Aldermen Anthony Napolitano (41st Ward) and Nicholas Sposato (38th) at a 2017 City Council meeting. Napolitano recently invoked aldermanic prerogative to block an affordable housing proposal in his northwest-side ward. Credit: Brian Jackson/Sun-Times

A new study published by the Chicago Area Fair Housing Alliance claims that “aldermanic prerogative”—a customary practice that isn’t articulated anywhere in city law—is being used to reinforce the boundaries of Chicago’s historically segregated communities.

Aldermanic prerogative is a longstanding tradition: If a local alderman objects to a development in her ward, other aldermen will reject that development as well. The same is true when an alderman champions a particular development in his ward. According to the study, aldermen can use this power to make their ward unappealing for affordable housing development and ultimately reject inclusive housing proposals.

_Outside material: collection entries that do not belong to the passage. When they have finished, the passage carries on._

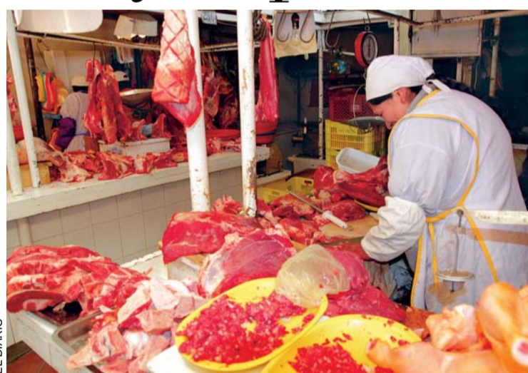
VENTA DE CARNE DE RES FUE REGULAR EN MERCADOS LOCALES, PERO CON PRECIOS INCREMENTADOS A CRITERIO DEL COMERCIALIZADOR.

Asimismo, el ministro de Economía, Luis Arce, informó que "la utilidad neta de los carniceros intermediarios del país asciende a 754.308 bolivianos cada mes", es decir, unos 108.377 dólares. En
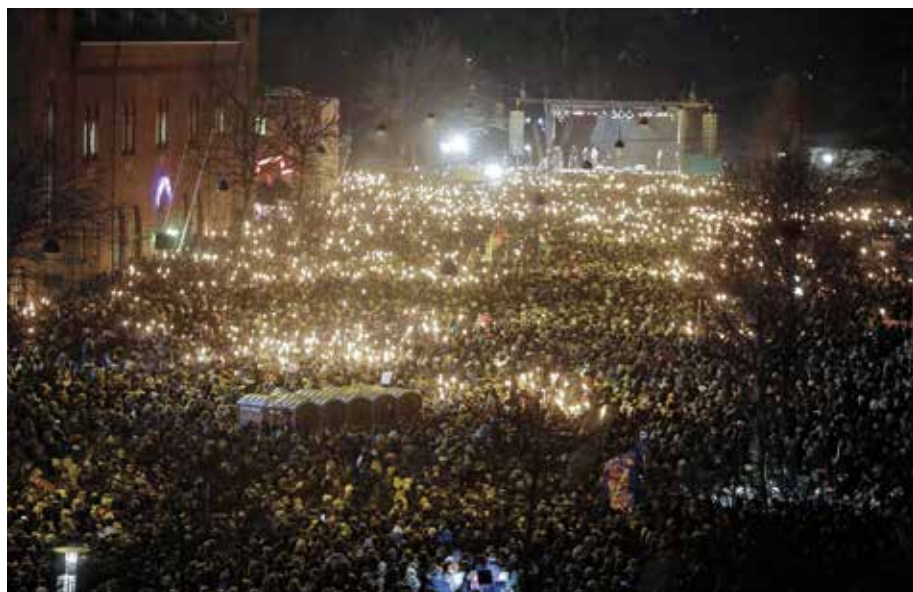
Uppemot 40 000 samlades i Köpenhamn för att hedra terrorns offer.
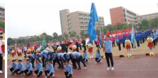
装备事业部代表队入场

“It’s not just influence, it’s the power to kill a project.” says Kate Walz, vice president of advocacy at the Sargent Shriver National Center on Poverty Law and a contributor to the study. “[Developers] said it wasn’t even worth the effort in many wards because there’s a high cost associated with planning and it can be quickly scuttled by the alderman.”

The report also highlights aldermen’s power to “downzone” in their wards. Downzoning occurs when an area is assigned a lower development density than previously permitted, meaning developers can only propose housing within that limit. Downzoning constrains the number of housing units that a property could bring to the ward, thereby “artificially [limiting] the supply of dwelling units, inflating both housing and land costs in a neighborhood and eliminating the financial feasibility of affordable housing on a broader basis,” the study claims. Walz adds that once an area gets downzoned, “developers are put back into the aldermanic machine.”

Local zoning committees created by aldermen and made up of homeowners in the ward can also limit and revise proposed plans for affordable housing, forcing developers to invest in new architectural plans and zoning requests. The study argues that aldermanic control over zoning policy has resulted in the disproportionate use of downzoning in predominantly white wards, citing that 55% of all downzonings since 1970 have happened in 14 majority-white wards.

“Since 1970, the average majority-white ward has downzoned or landmarked 0.46 square feet of space for every remaining foot of multifamily zoning in their wards,” states the study, whereas “wards with a majority-black and/or Latinx population have downzoned 0.09 square feet for every remaining foot of multifamily zoning [in] their wards” over the same span of time. The use of downzoning in predominantly white and low-poverty wards has created a hostile environment for inclusive housing proposals—particularly affordable family housing—the study claims.

Developers who want to build it thus focus their attention on the few wards that are “safer bets—areas where affordable housing has previously been approved.” In segregated Chicago, this means housing suitable for lower-income families is concentrated in lower-income black and Latinx wards.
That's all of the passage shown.